また、数字で分かるため、関係者の士気向上に効果がある点も魅力的だ。

 活人(「人をより活かす」ために山田氏はこう呼ぶ。基本的な概念は省人化と同じ)は損益計算書(P/L)における人件費の減少に直結する。原料・仕掛かり品・完成品在庫が減れば、貸借対照表(B/S)上の同様の項目がそれだけ減る。

 不要な仕掛かり品や在庫、生産設備の整理が進めば、今までより小さなスペースで同じ生産量を確保できる。その結果、複数の設備の間を行ったり来たりしていた人が移動する時間が減り、さらに生産性は高まる。

 何しろ、移動している時間は、製品は何も変化をしていない。つまり、製品の購入者に対して、付加価値を一切提供できていないのだ。加工されたり、梱包されたりと、「製品そのものの状態が変化する」ことでしか、付加価値は増えない。この当たり前の事実に気付けるかどうかは、カイゼンを進める上でとても重要だ。

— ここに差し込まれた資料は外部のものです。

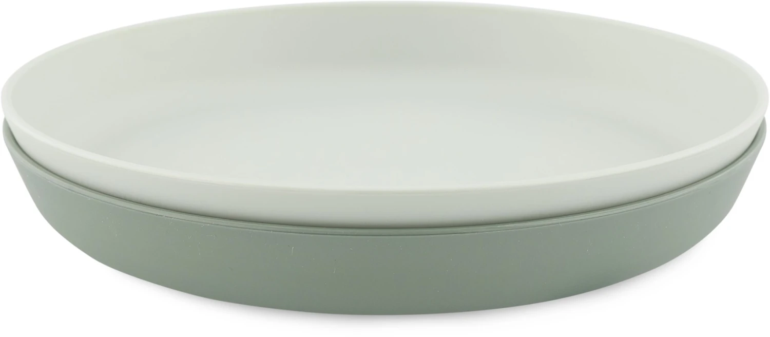 Mit diesen beiden Tellern aus pflanzlichem Kunststoff lässt sich ein gemütliches Ambiente am Tisch schaffen. Das Set besteht aus zwei verschiedenen Farben, die gut zueinander passen. Der Teller hat einen hohen Rand, um das Auslöffeln für Kinder zu erleichtern, die lernen, selbständig zu essen.

 また、仕掛かり品や生産設備が減ることで工場にスペースができたため、借りていた倉庫や工場を返し、年間数百万円の賃料を浮かせてしまう会社もある。自社工場を丸ごと空けることができれば、他社に貸してもいいし、いい買い手がいれば手放してもいいだろう。

リスクがほぼゼロのカイゼン
どんな状況でも成果に

 貸したり売ったりせず、今まで外注していた作業を内製化すれば一層の経費節減になるし、外注先と製品をやり取りするよりも、自社工場内でやり取りするほうが圧倒的に早いため、生産にかかるリードタイムも短くなる。そうすれば、現場の負担なく納期を早めることもでき、より競争力が増す。

 もしくは新商品・新規事業向けのスペースとして使えば、新たな売り上げを生み出す拠点となる。練習用の設備を置いて、人材教育用のスペースにしてもいい。

 そして何より、カイゼン活動は景気や取引先の状況といった外部要因に左右されにくい。大掛かりな設備投資が想定通りの成果を上げるためには、計画通りの受注が求められる。それはつまり、景気や主要販売先の動向に左右されるという意味だ。